The average tax rate for households earning more than $1m was 30.5 per cent, above the 24.6 per cent rate paid on average by families earning less than $250,000 per year. However, a chunk of millionaire taxpayers paid rates close to 24 per cent, according to the report, a level that at times was lower than the taxes paid by middle-income families that did not benefit from many deductions. The CRS report concluded that the current tax system violated the Buffett rule and suggested, for instance, that raising taxes on capital gains and dividends, not allowing “carried interest” to be taxed as ordinary income, or allowing Bush-era tax rates for the wealthy would make it compliant with that principle.

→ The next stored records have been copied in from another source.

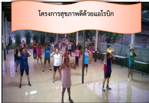
โครงการสุขภาพดีด้วยแอโรบิก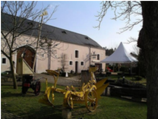
Afbeelding 1: Freilichtmuseum Peppingen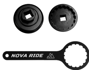
Crankset remover Clé ou douille Nova Ride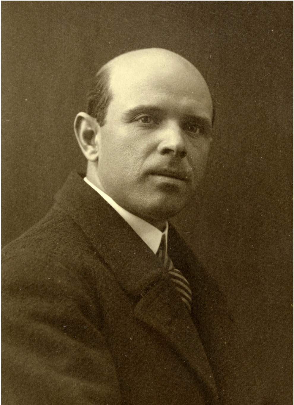
Figura 1. Pau Casals a Bucarest, c. 1928-1930.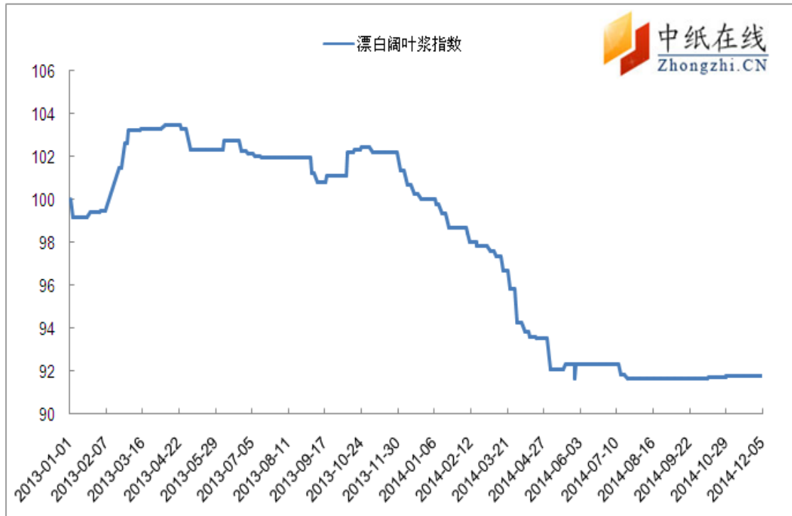
图 2: 进口漂阔浆中纸指数走势图

Oddly, one Republican congressman only asked Warren Buffett to disclose his tax forms, instead of asking other wealthy individuals to show theirs. Buffett smarter than that:
Buffett has continued to spar with Republican lawmaker Tim Huelskamp and other conservatives who have been urging him to disclose his tax returns in an effort to be more transparent about his claims. Mr Buffett said this week that he would be willing to publish his tax forms if other wealthy Americans, and Rupert Murdoch of News Corp in particular, would do the same. “I hope you succeed in getting the ultra-rich … to share in the sacrifice many millions of other Americans will be asked to do,” Mr. Buffett told Mr Huelskamp.